For determination of microbiome, we weighed the SI ileum region and feces, added sterilized PBS (Life Technologies, Carlsbad, CA), and vortexed the samples until homogenous. Each sample was diluted and placed on universal medium for the growth of anaerobic (Luria-Bertani broth [USB, Cleveland, OH]) and aerobic (Bacto agar [BD Pharmingen]) bacteria. The former were grown in an anaerobic chamber, and colonies were counted after incubation at 37°C for 72 h.

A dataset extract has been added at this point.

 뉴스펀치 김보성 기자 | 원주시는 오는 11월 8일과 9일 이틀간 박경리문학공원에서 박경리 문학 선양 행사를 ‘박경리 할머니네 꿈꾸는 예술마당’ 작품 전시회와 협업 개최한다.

Colonies were further classified using a selective medium, such as MacConkey agar (BBL, Baltimore, MD) for Escherichia coli, Bacteroides bile esculin agar (BBL) for Bacteroides fragilis, enterococcosel agar (BBL) for enterococci and group D streptococci, Clostridiumdifficile selective agar (BBL) for C. difficile, and lactobacilli MRS agar (Difco, Franklin Lakes, NJ) for Lactobacillus species. All agar plates were made according to the manufacturer's protocol (BBL).

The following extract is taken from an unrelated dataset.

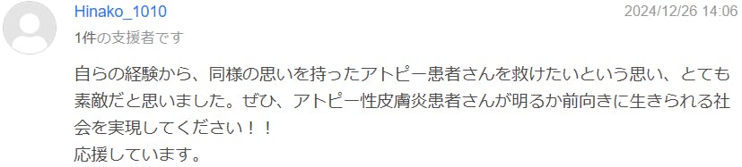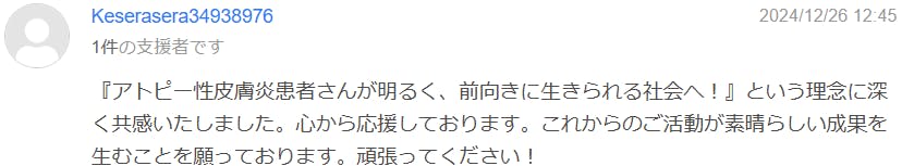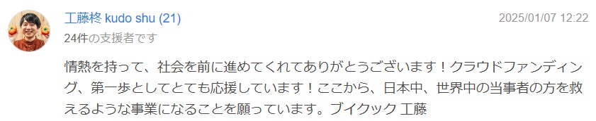 掲載許可が取れ次第、支援者様の声を掲載させていただきます。

DCs from MLN, PP, or SI-LP were isolated, as described previously (26). For isolation of DCs from SI-LP, tissue pieces were treated with RPMI 1640 containing 2% FBS and 0.5 mM EDTA for 20 min at 37°C to remove epithelial cells. This step was repeated twice. Tissues were then digested with 400 MandI U/ml collagenase D (Roche Applied Science, Mannheim, Germany) and 10 μg/ml DNase I (Sigma-Aldrich, St. Louis, MO) in RPMI 1640 containing 10% FBS and digested for 30–90 min at 37°C. CD11c+ DCs were enriched by using a Percoll solution (Amersham Biosciences, Uppsala, Sweden), and subsequently by positive selection using anti-CD11c microbeads, according to the manufacturer’s protocol (Miltenyi Biotec, Auburn, CA).

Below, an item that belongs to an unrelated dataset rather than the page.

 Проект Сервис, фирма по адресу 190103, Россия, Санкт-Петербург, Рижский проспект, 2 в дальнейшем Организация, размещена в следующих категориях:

For Ag-specific stimulation, purified CD4+CD25 T cells from the spleens of OT-II mice were incubated with 200 nM OVA323–339 peptide and DCs of MLN, PP, or SI-LP isolated from control or VAD diet-fed mice for 4 d under Th17-polarizing conditions (TGF-β [1 ng/ml] and IL-6 [20 ng/ml]; R&D Systems, Minneapolis, MN). In some experiments, MLN DCs were cocultured with OT-II CD4+ T cells in the presence of RA (1 nM; Sigma-Aldrich) or LE540 (1 μM; Wako Chemicals, Richmond, VA) and LE135 (1 μM; Tocris Bioscience, Ellisville, MO). Cells were restimulated with PMA/ionomycin (BD Pharmingen) for 5 h to measure IL-17A intracellularly.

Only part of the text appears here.